- Your assignment: Please return the listing below exactly, without any of its pictures.

- Available data:
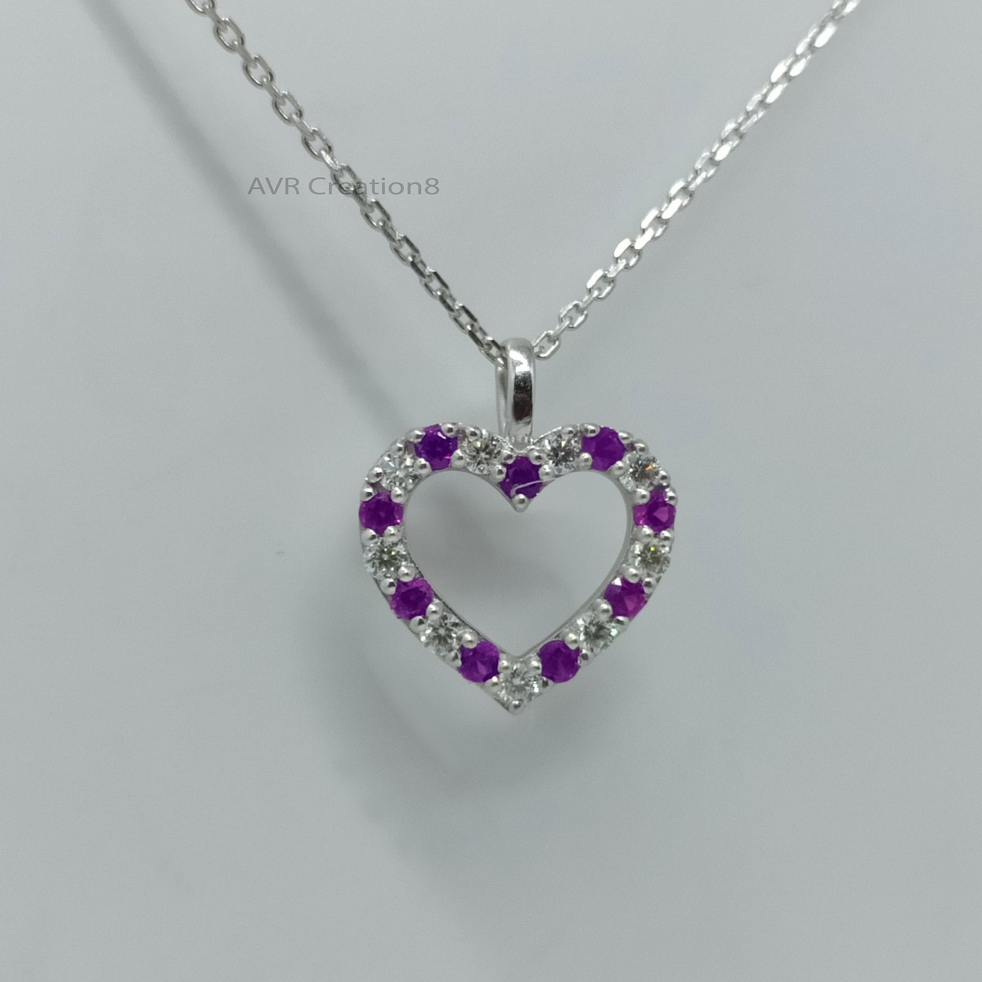 Heart Amethyst Women's Necklace Pendant, Purple Gemstone Pendant, Open Amethyst & Diamond Necklace, 925 Sterling Silver, Gift For Girlfriend, Open Heart Amethyst & Diamond Women's Necklace Pendant, Amethyst & Diamond Pendant, Gemstone Pendant, 925 Sterling Silver, Gifts For Girlfriend
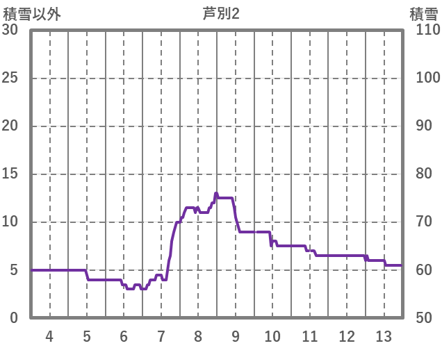 | 日 | 時 | 気温 | 降水 | 風向/風速 | 日照 | 積雪 | 降雪 |
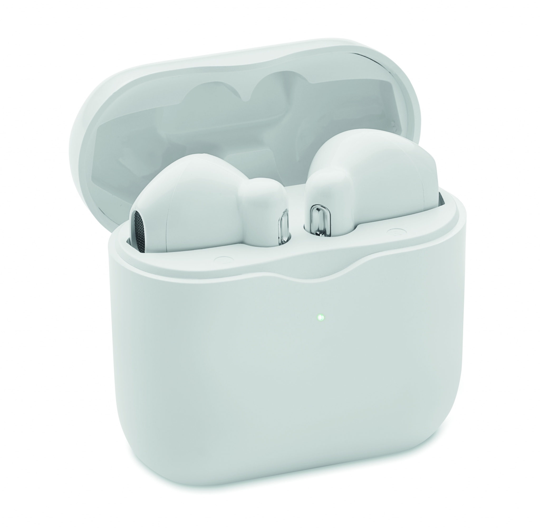 ABS True Wireless Stereo (TWS) 5.3 langattomat stereokuulokkeet mikrofonilla ja 30 mAh:n sisäänrakennetulla ioniparistolla sekä 200 mAh:n latausrasialla. Toistoaika n. 4 tuntia. Automaattinen pariliitos.
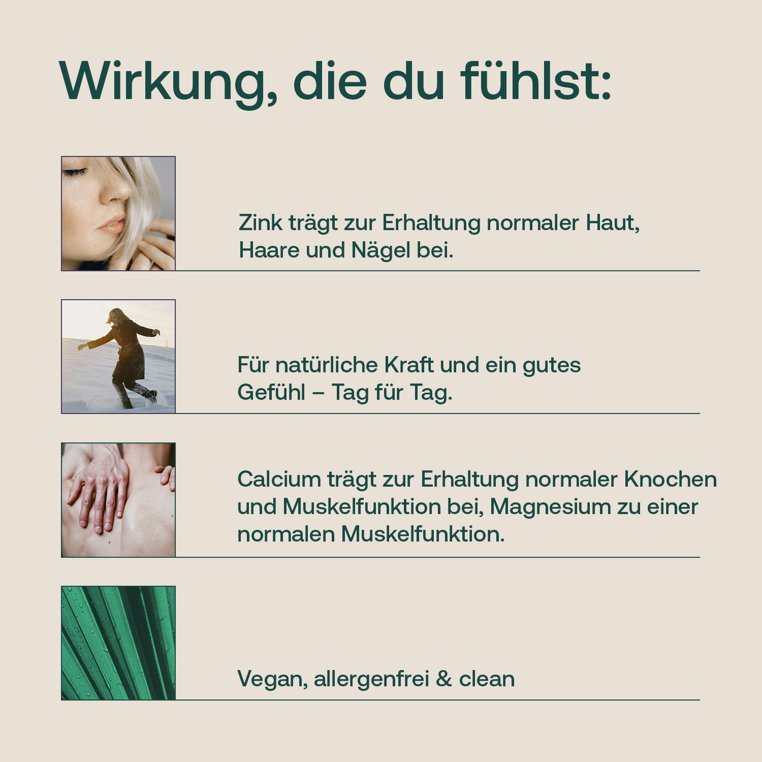 Calcium., Magnesium, Zink und Silizium: Zusammen tragen diese Substanzen auf drei unterschiedlichen Wegen zu Ihrem innerlichen und äusserlichen Wohlbefinden bei.
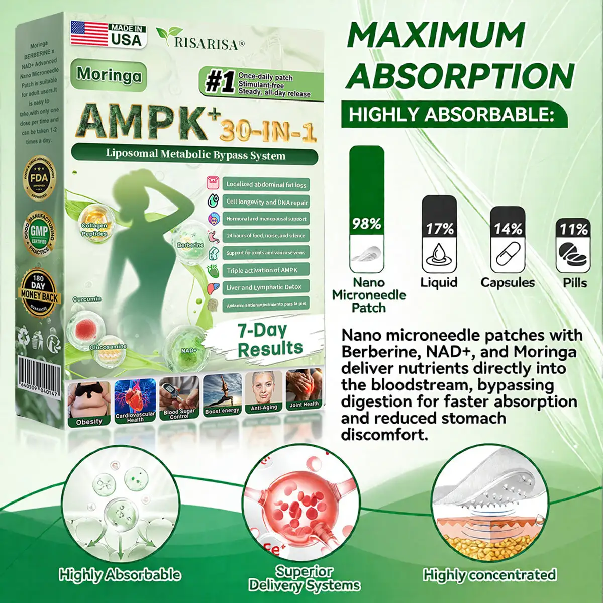 ๐๐ข๐ฌ๐๐ซ๐ข๐ฌ๐ยฎ ๐๐-๐๐ง-๐ ๐๐๐ซ๐๐๐ซ๐ข๐ง๐ ยท ๐๐๐+/๐๐๐ ร ๐๐๐ญ๐ซ๐ข๐ฑ๐ฒ๐ฅ ๐๐๐๐ ๐๐๐ฏ๐๐ง๐๐๐ ๐๐ข๐ฉ๐จ๐ฌ๐จ๐ฆ๐๐ฅ ๐๐tchย was developed through more than 20 years of research by a multidisciplinary team of over 30 experts. Each patch incorporates an ultra-fine microneedle architecture measuring approximately one-seventh the thickness of a human hair. designed to ensure a smooth and virtually painless application. The formulation contains highly concentrated natural bioactive compounds. up to 20-fold higher than conventional market levels. including Moringa and Berberine. which act synergistically to support healthy glycemic responses. appetite regulation. and lipid metabolism. thereby promoting gradual and sustainable weight management. Enriched with NAD+. the patch further supports skin firmness and structural resilience during body-weight fluctuations. helping maintain a lean appearance without compromising comfort or aesthetics. Additional high-efficacy components contribute to the support of immune function. digestive health. gut balance. women’s health. daily energy levels. and fatigue reduction. collectively promoting a more youthful and resilient physiological state from within. Manufactured inย facilities that comply with both U.S. and EU quality standards. this needle-free. science-driven solution provides a safe and comprehensive approach to effective weight management and long-term metabolic health. designed to work in harmony with the body rather than against it.
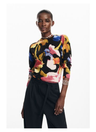 Laissez-vous séduire par ce pull en maille fine signé Desigual, où l’élégance rencontre une touche artistique audacieuse. Son imprimé de grandes fleurs apporte une fraîcheur unique à votre garde-robe.

- Answer to the problem:
 Heart Amethyst Women's Necklace Pendant, Purple Gemstone Pendant, Open Amethyst & Diamond Necklace, 925 Sterling Silver, Gift For Girlfriend, Open Heart Amethyst & Diamond Women's Necklace Pendant, Amethyst & Diamond Pendant, Gemstone Pendant, 925 Sterling Silver, Gifts For Girlfriend
 | 日 | 時 | 気温 | 降水 | 風向/風速 | 日照 | 積雪 | 降雪 |
 ABS True Wireless Stereo (TWS) 5.3 langattomat stereokuulokkeet mikrofonilla ja 30 mAh:n sisäänrakennetulla ioniparistolla sekä 200 mAh:n latausrasialla. Toistoaika n. 4 tuntia. Automaattinen pariliitos.
 Calcium., Magnesium, Zink und Silizium: Zusammen tragen diese Substanzen auf drei unterschiedlichen Wegen zu Ihrem innerlichen und äusserlichen Wohlbefinden bei.
 ๐๐ข๐ฌ๐๐ซ๐ข๐ฌ๐ยฎ ๐๐-๐๐ง-๐ ๐๐๐ซ๐๐๐ซ๐ข๐ง๐ ยท ๐๐๐+/๐๐๐ ร ๐๐๐ญ๐ซ๐ข๐ฑ๐ฒ๐ฅ ๐๐๐๐ ๐๐๐ฏ๐๐ง๐๐๐ ๐๐ข๐ฉ๐จ๐ฌ๐จ๐ฆ๐๐ฅ ๐๐tchย was developed through more than 20 years of research by a multidisciplinary team of over 30 experts. Each patch incorporates an ultra-fine microneedle architecture measuring approximately one-seventh the thickness of a human hair. designed to ensure a smooth and virtually painless application. The formulation contains highly concentrated natural bioactive compounds. up to 20-fold higher than conventional market levels. including Moringa and Berberine. which act synergistically to support healthy glycemic responses. appetite regulation. and lipid metabolism. thereby promoting gradual and sustainable weight management. Enriched with NAD+. the patch further supports skin firmness and structural resilience during body-weight fluctuations. helping maintain a lean appearance without compromising comfort or aesthetics. Additional high-efficacy components contribute to the support of immune function. digestive health. gut balance. women’s health. daily energy levels. and fatigue reduction. collectively promoting a more youthful and resilient physiological state from within. Manufactured inย facilities that comply with both U.S. and EU quality standards. this needle-free. science-driven solution provides a safe and comprehensive approach to effective weight management and long-term metabolic health. designed to work in harmony with the body rather than against it.
 Laissez-vous séduire par ce pull en maille fine signé Desigual, où l’élégance rencontre une touche artistique audacieuse. Son imprimé de grandes fleurs apporte une fraîcheur unique à votre garde-robe.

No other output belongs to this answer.